1. Introduction
The global increase in Coronavirus Disease 2019 (COVID-19) cases has continued worldwide, notably in Indonesia [
1]. As a result, the Indonesian government must undertake steps to limit the rising number of cases [
2]. To address the high number of confirmed positive cases, the government implemented a variety of programs to reduce the number of positive confirmed cases. One of the policy considerations raised by the administration concerned vacations [
3]. This strategy was implemented as an effort to avoid the formation of new clusters as a result of people taking extended vacations. To address this issue, the government issued Circulation No. 12 of 2021 concerning the Provisions for Domestic Travel During the 2019 Coronavirus Disease (COVID-19) Pandemic [
4] and Circular No. 13 of 2021 concerning the Elimination of Homecoming for Eid al-Fitr 1442 Hijri and Efforts to Control the Spread of Coronavirus Disease 2019 (COVID-19) During the Holy Month of Ramadan 1442 Hijri [
5]. The government was concerned that the number of positive COVID-19 cases might continue to grow, therefore the administration took measures designed to maintain a decline in positive cases by introducing this program.
Undoubtedly, these policies attracted diverse viewpoints from the general populace. The numerous responses were generally categorized into three groups: agreeing (pro), disagreeing (contra), and indifferent. These comments were frequently disseminated in print media, online news channels, and social media. One such social media site is YouTube [
6], which features a comments area where varied views, ideas, opinions, and public opinion on government policies may be expressed. YouTube is the top social media platform in Indonesia, with most of the population having access to it. As a result, YouTube may be used as a source of information to gauge the public’s reaction to government efforts to fight the COVID-19 pandemic. To determine the public’s reaction to this policy, a sentiment analysis needs to be used in the YouTube video comment column. For the public impact worldwide, commercial choices, and policy formation, large-scale extractions of human emotions and reactions from social media networks are vital [
7].
Sentiment is a description of an emotion or an emotionally significant occurrence. It may additionally be described as an individual’s viewpoint (it is generally subjective). In contrast, sentiment analysis is a method for measuring opinions, emotions, and subjectivity in written texts [
8]. It is sometimes referred to as opinion mining, and a topic of research that employs natural language processing (NLP), text mining, computational linguistics, and a measurement to identify, release, evaluate, and explore emotional states and subjective data [
9]. The use of sentiment analysis is employed to evaluate the speaker’s disposition based on their emotional responses, which will indicate the emotional response of the speakers as they talk. It is possible to construct a system that detects and extracts text-based opinions using sentiment analysis. Currently, sentiment analysis may be used to investigate various social media opinions so as to determine an individual or group perspective on a certain topic. This evaluation is based on dialogue and evaluative discourse to examine attitudes and sentiments toward the associated brand [
10,
11]. In sentiment analysis, there are three key aspects to be considered, namely the topic, the polarity, and the opinion holder [
12]. The topic refers to the relevance to the issue being discussed. Polarity describes the value of the opinions expressed, and whether they are favorable, negative, or neutral. The person who conveys an opinion is the opinion holder. According to the above description, it is a technique used to extract information in the form of an individual’s opinion about a certain topic or event. Using sentiment analysis, the varied perspectives offered by each of these individuals will be interpreted and categorized. These categorization phases can be modified to match the aims of the research.

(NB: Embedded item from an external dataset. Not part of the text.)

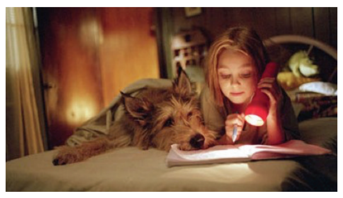
Because of Winn Dixie

Machine learning is a subfield of artificial intelligence (AI) that allows machines to undertake human-like activities [
13]. The existence of machine learning supports many human activities. Among the applications of machine learning is sentiment analysis [
14,
15,
16]. Sentiment analysis is a science used to extract information in the form of an individual’s opinion on a topic or an incident [
17,
18,
19]. By using this kind of analysis, various public perspectives on a government’s policy may be determined. Sentiment analysis extracts the opinions expressed by the public via social media, which is information reflecting the perspective of the community on a particular policy. Undoubtedly, the government’s policy with regard to extended vacations during the COVID-19 pandemic would provoke a variety of responses among Indonesians. A portion of society agrees with and supports the government’s policy to reduce the spread of COVID-19 [
20]. On the other hand, there are individuals who oppose this program and there are also those who are uninterested in the topic. Using sentiment analysis to determine the public’s reaction to this government program is therefore of value.
This study employs bidirectional encoder representations from transformers (BERT) to be used for sentiment analysis on this topic. It can educate robots to learn human speech patterns sentence-by-sentence, as opposed to the current method of learning word-by-word [
21]. Google released the algorithm for the first time in October 2019. BERT is an NLP technique that mixes machine and human language [
22]. BERT’s application includes two-way learning, which increases the model learning. It is more accurate than the conventional model [
23]. Consequently, the objective of this study is to automate the categorization of public sentiment toward government vacation policies during the COVID-19 pandemic. Considering that sentiment analysis has been developed to be used in English, this analysis is language dependent, so advances in processing technology in other languages cannot be applied directly to other languages. Therefore, this study also contributes to the methodology of sentiment analysis in Indonesian. It also provides a web-based application for sentiment analysis utilizing a trained BERT model. The anticipated significance of this study is that the government will be able to establish the policies taken during the COVID-19 outbreak when they are accepted by the people. Using sentiment analysis in this study will certainly make it easier to achieve this objective.
2. Related Works
As a means of connecting people and encouraging the exchange of ideas, information, and expertise, social media has created a number of online platforms. It is undeniable that social media platforms have more sway than ever before, and their prominence is on the rise [
11]. Since many people use their devices and spend so much time consuming content on social media sites, these platforms are sometimes referred to as the Big Data of the world; thus, social and statistical research have concluded that they have a significant impact on users’ habits. In terms of global use, YouTube, Facebook, Twitter, Instagram, and Reddit are among the top social media platforms. In spite of the vast amounts of information available on these sites, the material may have opposing impacts, including both good and negative psychological sway on users’ lives [
16]. It is possible that those who are addicted to social media use it to vent their frustrations and express their perspectives. Therefore, it is important to seek ways to convert these comments and postings into assets by utilizing sentiment analysis.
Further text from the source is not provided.